Problem statement: Among the entries that follow, the required portion opens with the line containing "4XL - M 半袖 ウエストスリング" and closes with the line containing "Los Angeles Dodgers". Give that portion again exactly, and nothing else.

Information supplied:

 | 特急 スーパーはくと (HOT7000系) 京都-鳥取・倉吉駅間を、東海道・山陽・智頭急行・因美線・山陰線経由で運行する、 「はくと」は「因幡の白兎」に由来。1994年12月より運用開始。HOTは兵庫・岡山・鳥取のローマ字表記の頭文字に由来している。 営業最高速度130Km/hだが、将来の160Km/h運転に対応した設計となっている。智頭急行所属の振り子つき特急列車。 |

==

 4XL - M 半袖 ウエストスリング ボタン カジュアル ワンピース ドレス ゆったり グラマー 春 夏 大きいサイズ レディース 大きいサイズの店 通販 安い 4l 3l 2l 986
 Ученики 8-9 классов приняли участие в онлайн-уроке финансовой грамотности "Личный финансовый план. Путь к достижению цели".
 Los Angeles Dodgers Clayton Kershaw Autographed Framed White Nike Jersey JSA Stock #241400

---

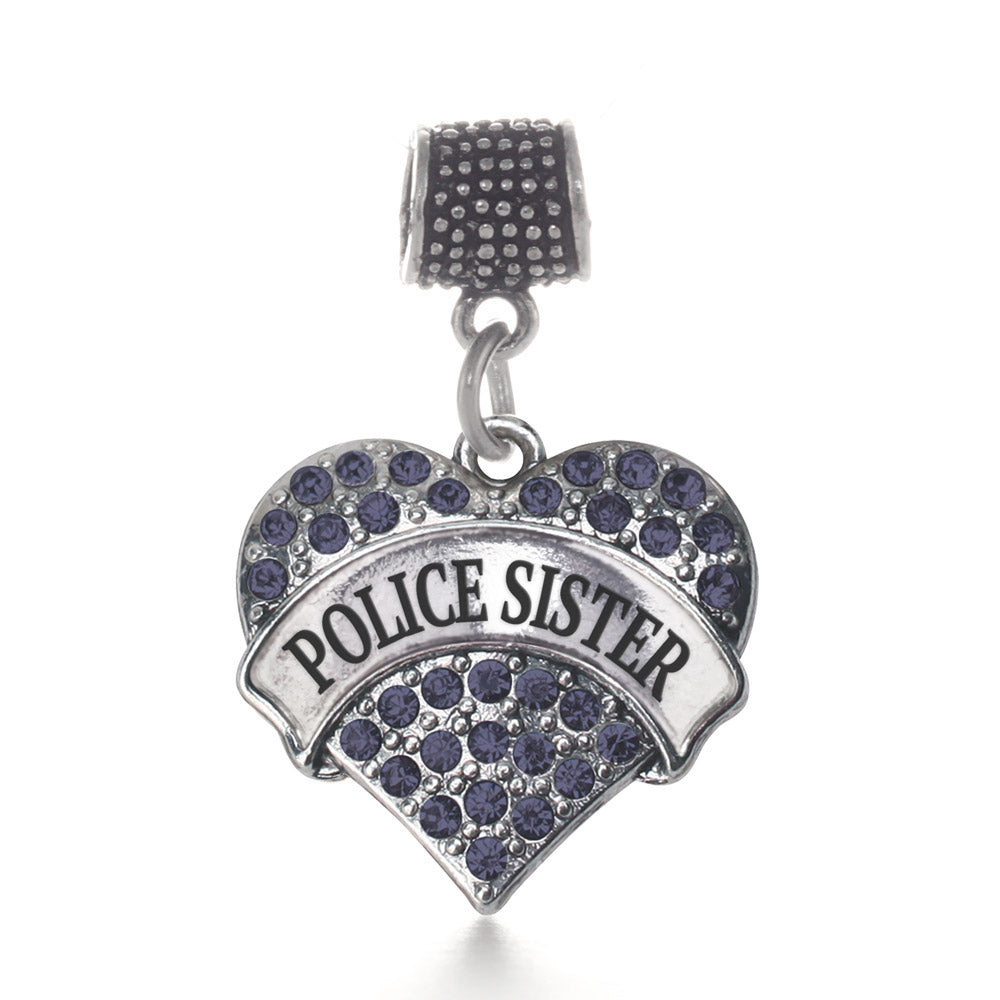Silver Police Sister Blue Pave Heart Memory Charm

Response to this exercise:
 4XL - M 半袖 ウエストスリング ボタン カジュアル ワンピース ドレス ゆったり グラマー 春 夏 大きいサイズ レディース 大きいサイズの店 通販 安い 4l 3l 2l 986
 Ученики 8-9 классов приняли участие в онлайн-уроке финансовой грамотности "Личный финансовый план. Путь к достижению цели".
 Los Angeles Dodgers Clayton Kershaw Autographed Framed White Nike Jersey JSA Stock #241400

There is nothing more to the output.